African Journal of Parasitology Research

African Journal of Parasitology Research ISSN 2756-3391 Vol. 8 (2), pp. 001-007, February, 2021. © International Scholars Journals

Full Length Research Paper

A study of the characterization of a glucose dehydrogenase from Bacillus sp. G3 in Escherichia coli

Xuejiao Chen1,2, Haitao Ding1, Yiqing Du1, Hui Lin1, Zeli Li1 and Yuhua Zhao1*

1Institute of Microbiology, College of Life Science, Zhejiang University, Hangzhou 310058, China.

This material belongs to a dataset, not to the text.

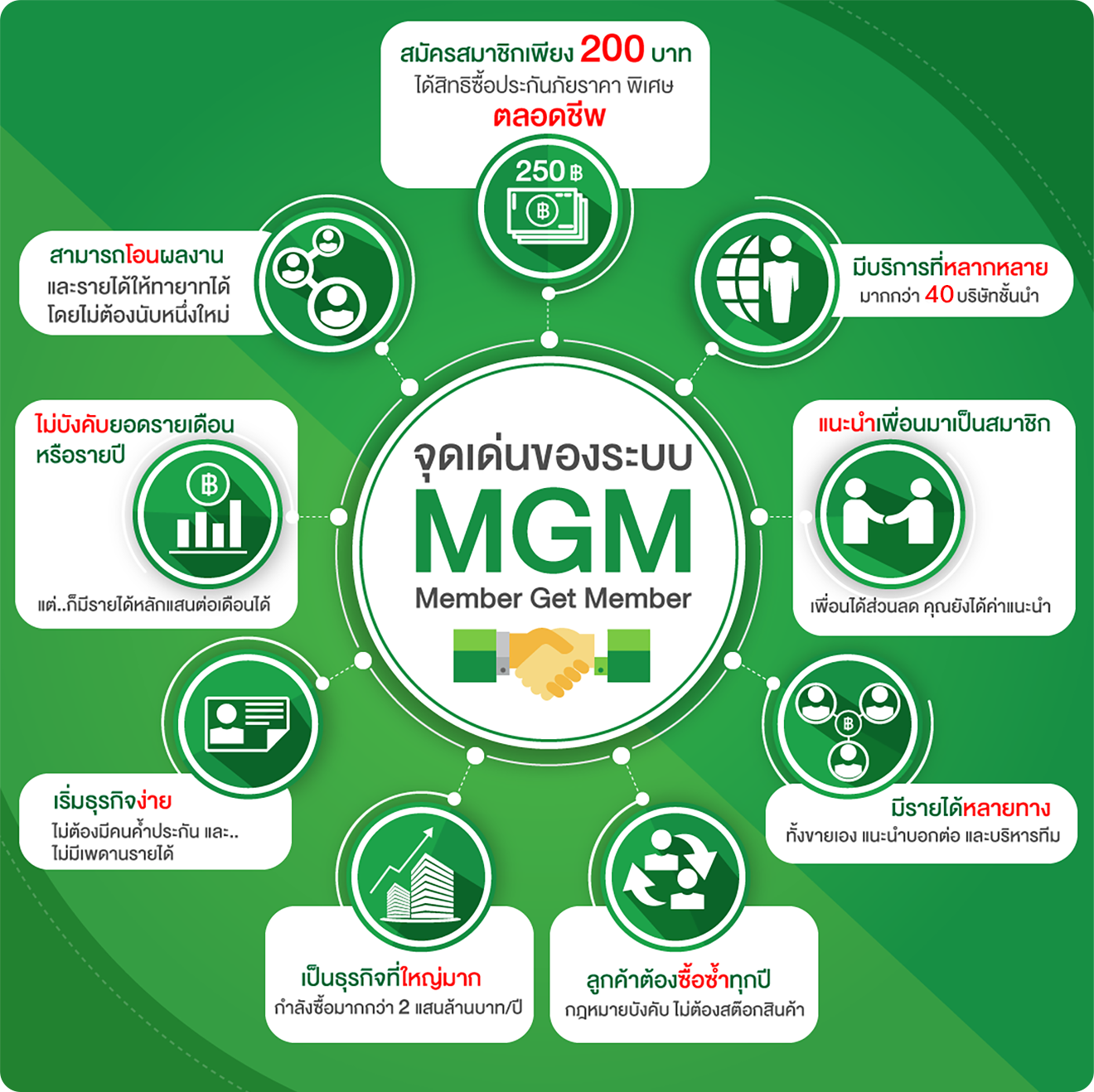 แผนการแนะนำ ชี้ช่องผลิตภัณฑ์และบริการของบริษัทประกันภัยต่างๆ จาก ศรีกรุงโบรคเกอร์ ให้ผู้บริโภค โดยผ่านสมาชิกท่านหนึ่งแนะนำให้กับสมาชิกอีกท่านหนึ่ง ที่ต้องการซื้อผลิตภัณฑ์ แผนการตลาดรูปแบบสมาชิกแนะนำสมาชิก เราเรียกว่า Member get Member (MGM)

2Hangzhou Wahaha Group Co., Ltd, Hangzhou 310000, China.

Accepted 17 October, 2020


The glucose dehydrogenase gene (gdh), cloned from Bacillus sp. G3, was composed of 786 bp nucleotide and the deduced protein molecular mass of one subunit was 28.1 kDa. The recombinant glucose dehydrogenase (rGDH-G3) was functionally expressed in Escherichia coli. The results revealed that expressed rGDH-G3 had a high specific activity of 371.9 U/mg at 25°C and pH 8.0, with oxidized nicotinamide adenine dinucleotide (NAD+) as the cofactor. The enzyme was optimally active at 40°C and pH 9.0. The enzyme displayed broad specificity for other sugars such as D-galactose or maltose. The catalytic efficiency of the rGDH-G3 would be improved 4 times when oxidized nicotinamide adenine dinucleotide phosphate (NADP+) was used as cofactor instead of NAD+.

Key words: Bacillus sp. G3, enzymatic property, glucose dehydrogenase, inverse polymerase chain reaction (IPCR), optimal pH.